The EEG (electroencephalogram), which measures brain electrical activity, is made of intense slow waves (their frequency fluctuates between 0.75 and 4Hz). We can therefore estimate the depth or the quality of one's sleep by measuring slow wave density, the presence of stage N1, the number of awakenings…

Slow Wave sleep is associated to a diminished physiological activity but is actively regulated by our brain. Broadly speaking, it has a homeostatic function : it plays a role in body and cognitive processes restoration. It cleans out the brain, helps decreasing stress effect and increasing essential hormones secretion, like growth hormone. Studies showed people deprived of Slow Wave Sleep are more lethargic, experience muscle aches and are more prone to be insulin resistance (pre-diabetic state).

It is significantly harder to wake up during Slow Wave Sleep than in any other sleep stage.

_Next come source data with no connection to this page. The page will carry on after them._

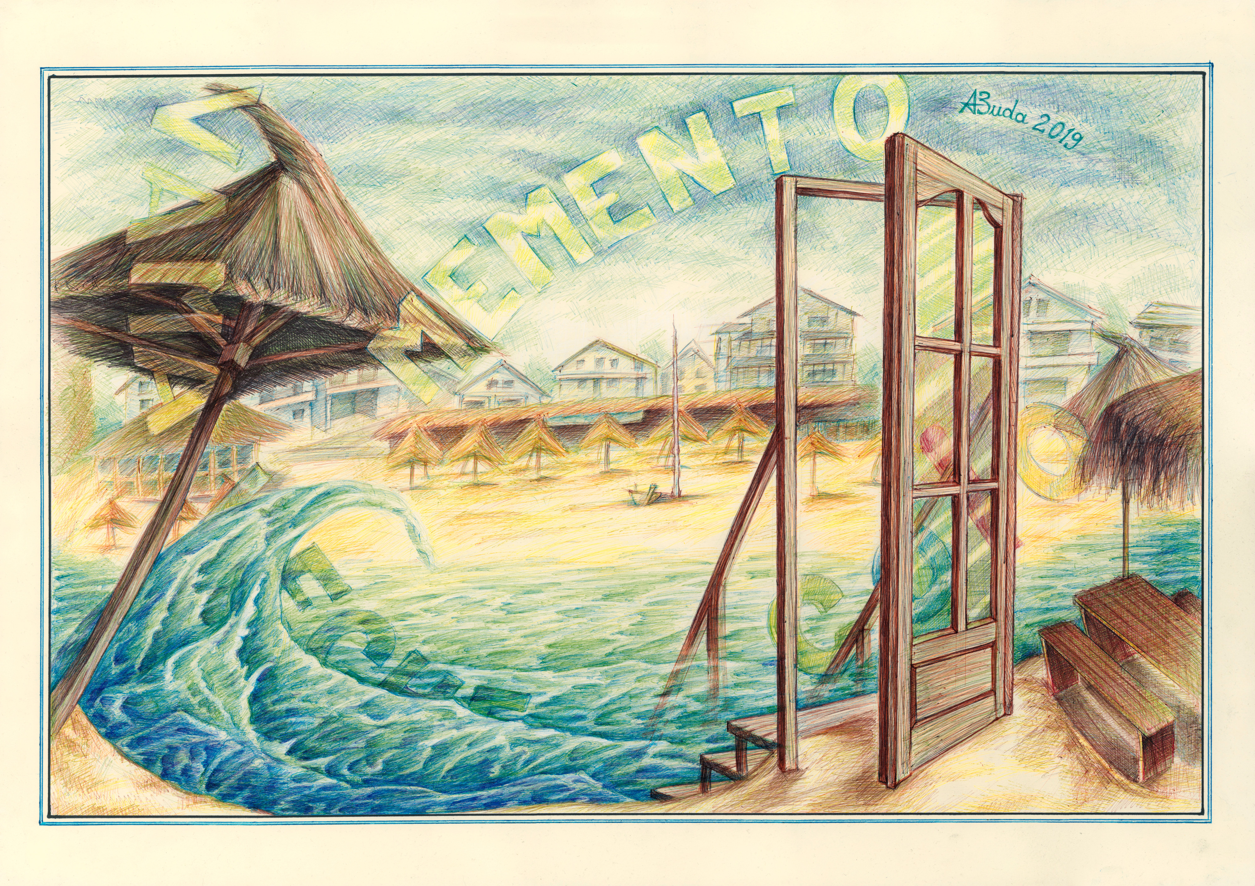 Compoziţie A1 (80×56 cm), pixuri colorate: negru, albastru închis – deschis, verde, galben închis – deschis, portocaliu, siena închis – deschis
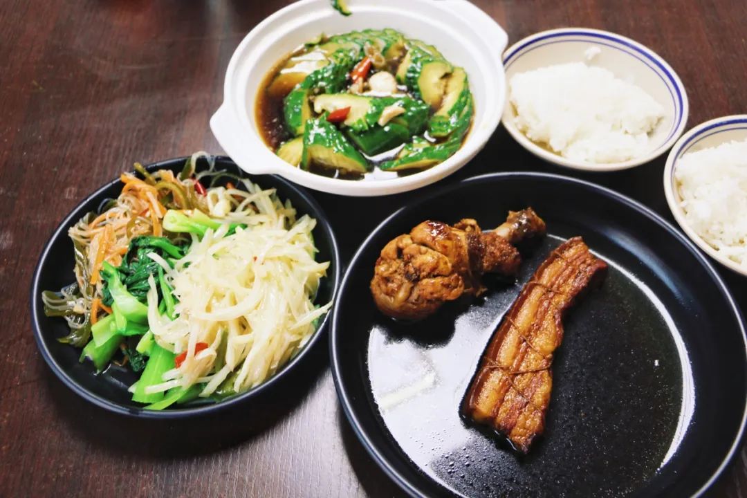 把子肉属于鲁菜,是淮海地区的特色小吃。在成都,专门做把子肉的店并不多。初次前往门店时,才发现这里也和温州饭摊一样,没有菜单,荤素菜摆成一排,选好菜品后,自行端走即可。
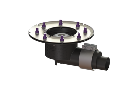 Grunddelen Ecoguss er designet til punktafløb i kombination med et påbygningsstykke og inkluderer en aftagelig lugtspærre samt en byggepladsbeskyttelsesdæksel. Det genanvendelige kompositmateriale Ecoguss opfylder de højeste krav til lydisolering, er modstandsdygtigt over for aggressive medier, temperaturbestandigt og har en permanent korrosionsfri overflade. Det kan kortvarigt udsættes for flammer ved temperaturer fra 100 til 400 grader Celsius. Den rustfri stålklæbeflange med bolte og skruer er beregnet til fastklemning eller svejsning af bitumen- og polymerbitumenmembraner samt plast- og elastomermembraner. Kun af producenten testede tætningsmembraner må anvendes til vandtætte forseglinger.
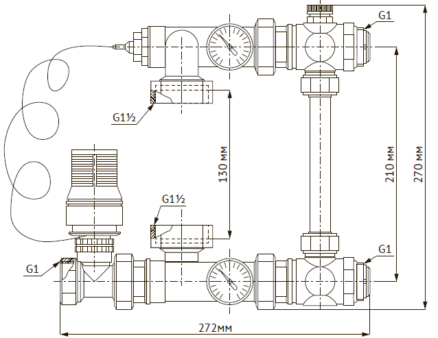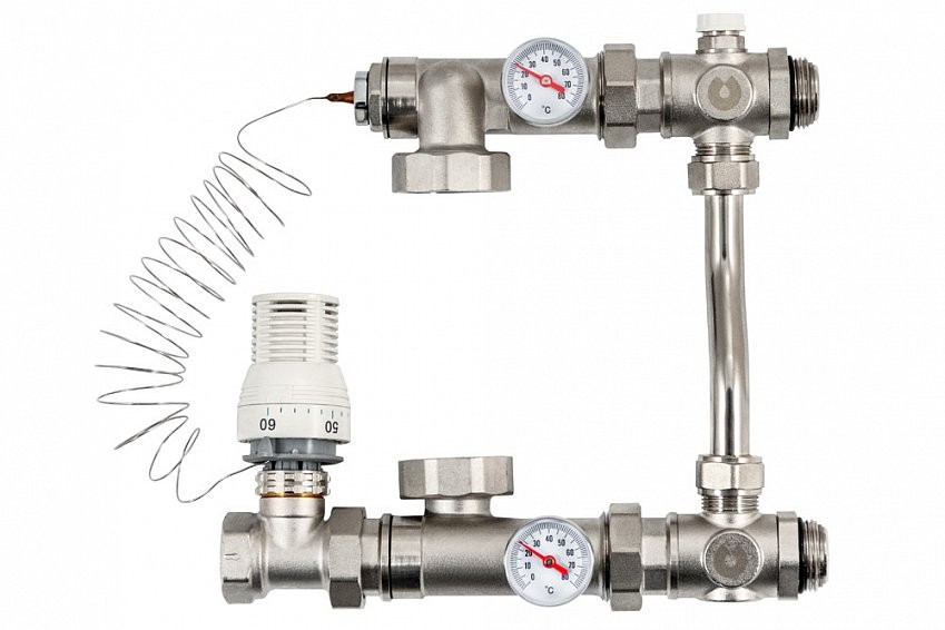 Насосно-смесительный узел применяется в системах отопления зданий и предназначен для поддержания заданной пользователем температуры и расхода теплоносителя в системах водяного подогрева пола. Узел оснащён термостатическим клапаном и термоголовкой с выносным погружным датчиком, которые обеспечивают плавное и непрерывное регулирование расхода и температуры в системе. Узел может эксплуатироваться совместно с циркуляционными насосами различной мощности, имеющими монтажную длину 130 мм и присоединительную резьбу G1½.

Evolution of deep sleep with age

The quantity and the intensity of Slow Wave Sleep (SWS) vary from one sleep cycle to another and even from one night to another. We often talk about SWS pressure, because the more you are sleep deprived, the more easily, rapidly and intensely you will fall in deep sleep. In such cases, RMES quantity decreases to extend SWS. Moreover, SWS varies a lot during your life. Although newborns spend tremendous amount of time in deep sleep, it decreases and can even disappear for some individuals as we get older.